┌─ Information provided

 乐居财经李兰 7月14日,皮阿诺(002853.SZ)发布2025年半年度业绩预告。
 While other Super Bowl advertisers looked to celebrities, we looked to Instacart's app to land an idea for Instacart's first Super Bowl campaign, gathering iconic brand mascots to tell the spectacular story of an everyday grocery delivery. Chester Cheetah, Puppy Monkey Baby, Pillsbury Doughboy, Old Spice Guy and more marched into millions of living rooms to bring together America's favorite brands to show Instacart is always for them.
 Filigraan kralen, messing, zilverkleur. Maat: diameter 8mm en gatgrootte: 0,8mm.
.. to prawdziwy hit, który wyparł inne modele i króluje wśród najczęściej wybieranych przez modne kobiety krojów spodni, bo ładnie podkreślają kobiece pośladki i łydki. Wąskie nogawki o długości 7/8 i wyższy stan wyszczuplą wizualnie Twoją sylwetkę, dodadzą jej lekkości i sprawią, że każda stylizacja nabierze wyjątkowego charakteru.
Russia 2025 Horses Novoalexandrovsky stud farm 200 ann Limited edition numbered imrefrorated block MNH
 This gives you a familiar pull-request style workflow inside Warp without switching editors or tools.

└─
┌─ Information provided

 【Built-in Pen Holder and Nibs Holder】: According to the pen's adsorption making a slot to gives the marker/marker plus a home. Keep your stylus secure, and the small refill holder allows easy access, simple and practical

└─

For each line above that contains "gives", make a copy.

▸ **Written response**:
 This gives you a familiar pull-request style workflow inside Warp without switching editors or tools.
 【Built-in Pen Holder and Nibs Holder】: According to the pen's adsorption making a slot to gives the marker/marker plus a home. Keep your stylus secure, and the small refill holder allows easy access, simple and practical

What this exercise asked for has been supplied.